同社採用担当がその狙いを説明する。「今の会社が合わず、このままだと5月病になってしまいそうとお考えの方を対象に、転職により今までの自分を『リセット』して、本当の自分を発揮いただくことを後押しすることを目的にした採用企画です」。モヤモヤしながら日々を過ごしている五月病予備軍にとっては、転職がそれを晴らすきっかけにはなり得るだろう。だが、なぜ、この採用がその役割を果たせるというのか…。
採用の概念を超越する2つの特徴
実はこの採用には、2つの特徴がある。一つは1次面接。もうひとつは入社後に特典があることだ。
詳しく説明しよう。まず、1次面接は、“絶対に受かる”ことになっている。「1次はお互いを見る場と考えています。会社見学会として、弊社を知ってほしいですし、ご自身のこともたくさん教えてほしい。会わなければ分からない個性、良さを感じ取れる場にしたいですね」と同社担当者は優しい口調でその意図を明かした。
もうひとつの「特典」は、採用が決まった入社後に5月病対策になりそうなモノがプレゼントされるというもの。特典は次の7つから、内定者が好きなものを選択する。(1)約1万円分の食事券(2)連続5日間使用のリセット休暇(3)約1万円分のリラクゼーション回数券(4)約1万円分の体験型ギフト(5)好きな案件を担当(6)快眠枕(7)GWもお仕事。
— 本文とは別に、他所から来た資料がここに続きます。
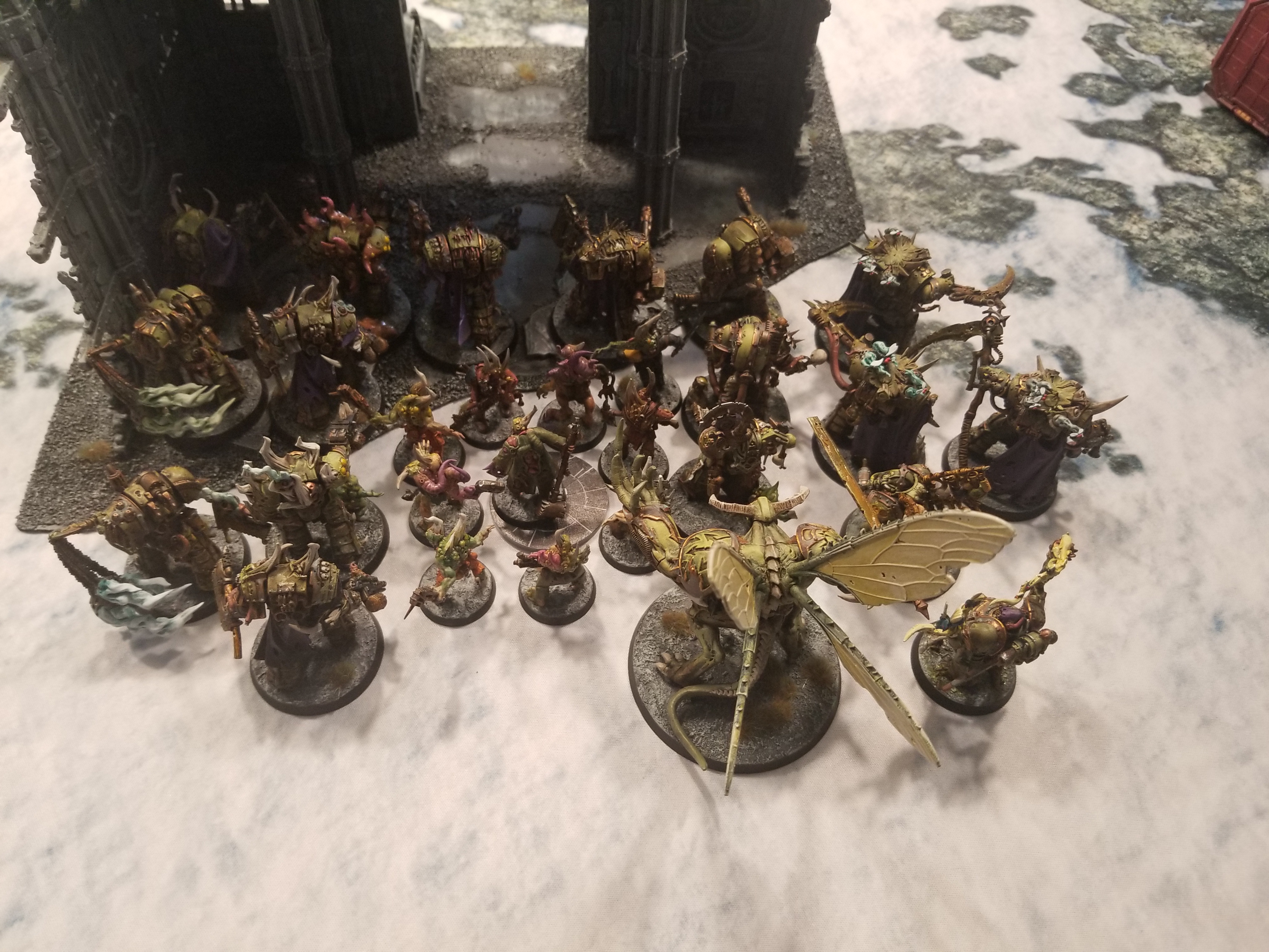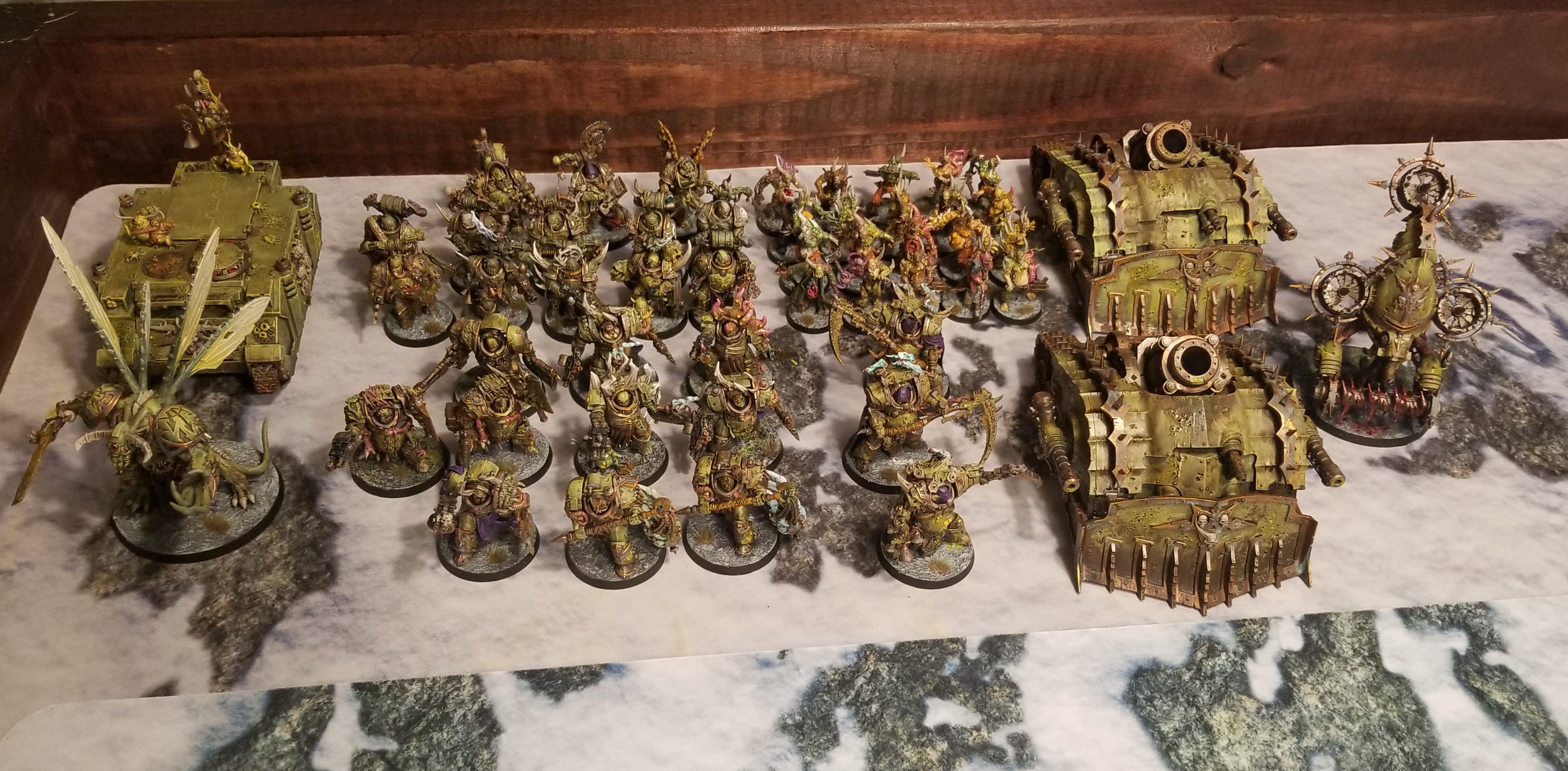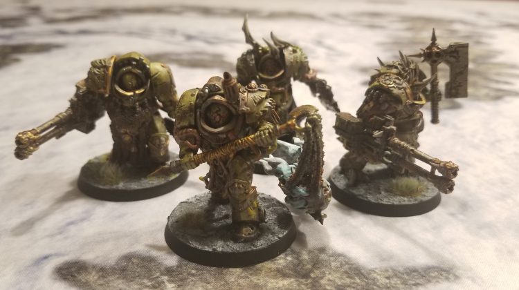 EL: Blightlord Terminators x10: 2x flail, 2x reaper autocannon + Combi-bolter, 4x axe + combi-bolter, 1x balesword + combi-bolter, Champion: Combi-bolter + Bubotic Axe, Plague Skull of Glothila (-1 CP)

これら特典の選定にあたっては、同社が5月病の予防・対策をリサーチ。「好きなものを食べる、しっかり休暇を取る、体を動かす、質の良い睡眠をとるといった例があったので、それぞれの対策ができる特典をご用意しました。(5)と(7)に関しては自分のやりたい案件なら気持ちも沈まない(ハズ)。逆に長く休むからこそ、連休明けに気持ちが晴れないという現役エンジニアからのリアルな意見をヒントに考案しました」となんとも配慮が行き届いている。
思惑通り優秀人材は集まるのか…
気になるのは、五月病というネガティブな側面が前面に出ている点。これで、本当に優秀な人材が集まるのだろうか…。「企画としてギリギリのラインかな?とは思っています。ですが、環境を変えたい、変えた方が良いと考え、心身に不調が出る前に対策が取れる方はきっとリスク管理の出来る優秀な方であろうと考えます」と同社では前向きに捉えている。
昨今は、複業採用や助っ人採用など、人手不足を背景に優秀人材確保のためなら「来てくれれば、できる限りの融通は利かせます」といったスタンスの採用も増加傾向にある。リセット採用は、それ以前に心身が弱り気味の“潜在優秀人材”へアプローチする、半歩進んだ形の“おもてなし系採用”といえるだろう。
ユニークさが目に付くが、決して生半可な企画でなく、同社はあくまで本気モード。現在の100人体制を2020年に200人体制にする中期計画の軸となる採用企画のひとつとして、大量採用も視野に入れる。
応募条件は、学歴不問で同社に入社希望のエンジニア、デザイナー、ディレクター、営業。募集期間は2018年4月25日から6月29日まで。おもてなし度については、飛び切り魅力的とは言えないが、求職者の立場をキチンと考えていることがにじみでる同社の企画立案の姿勢に共感する人は少なからずいるだろう。その辺りが、同採用の成否を左右することになりそうだ。